Your objective:
Within the listing that follows, reproduce exactly the lines starting at the line with "O Shampoo Antirresiduos" and ending at the line with "이러한 결과를 기반으로", inclusive, and only those. Pictures are dropped.

Supplied records:
------------------------------

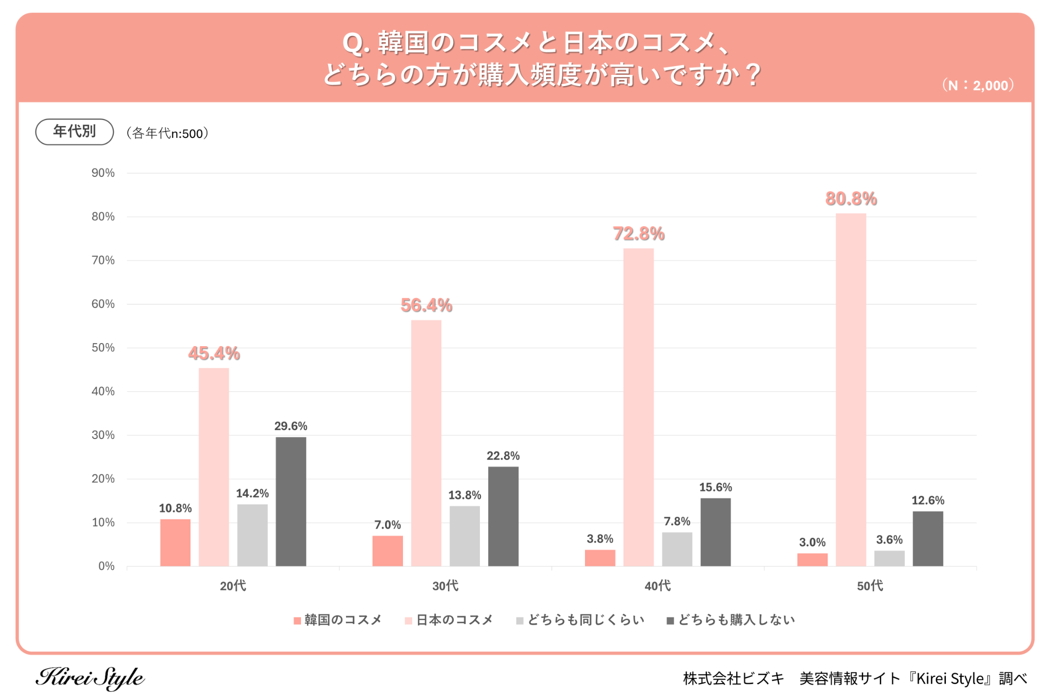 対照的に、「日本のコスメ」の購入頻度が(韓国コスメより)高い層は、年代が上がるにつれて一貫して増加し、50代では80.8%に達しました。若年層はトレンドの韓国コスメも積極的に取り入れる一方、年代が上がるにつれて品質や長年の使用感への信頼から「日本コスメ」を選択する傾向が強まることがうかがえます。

------------------------------

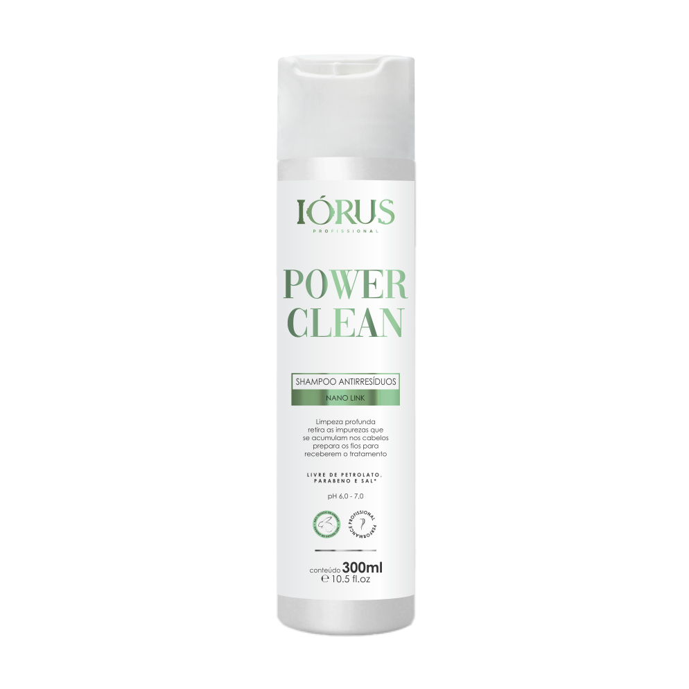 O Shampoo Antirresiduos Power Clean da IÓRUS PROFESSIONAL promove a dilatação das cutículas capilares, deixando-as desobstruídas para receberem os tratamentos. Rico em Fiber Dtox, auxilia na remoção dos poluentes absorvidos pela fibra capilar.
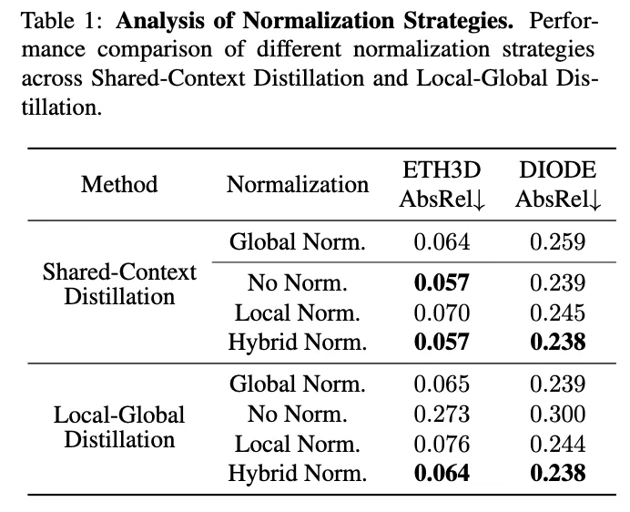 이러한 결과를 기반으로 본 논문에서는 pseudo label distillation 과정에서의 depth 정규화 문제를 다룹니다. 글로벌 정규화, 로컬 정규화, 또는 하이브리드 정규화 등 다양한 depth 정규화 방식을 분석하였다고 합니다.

------------------------------

Solution to the problem:
 O Shampoo Antirresiduos Power Clean da IÓRUS PROFESSIONAL promove a dilatação das cutículas capilares, deixando-as desobstruídas para receberem os tratamentos. Rico em Fiber Dtox, auxilia na remoção dos poluentes absorvidos pela fibra capilar.
 이러한 결과를 기반으로 본 논문에서는 pseudo label distillation 과정에서의 depth 정규화 문제를 다룹니다. 글로벌 정규화, 로컬 정규화, 또는 하이브리드 정규화 등 다양한 depth 정규화 방식을 분석하였다고 합니다.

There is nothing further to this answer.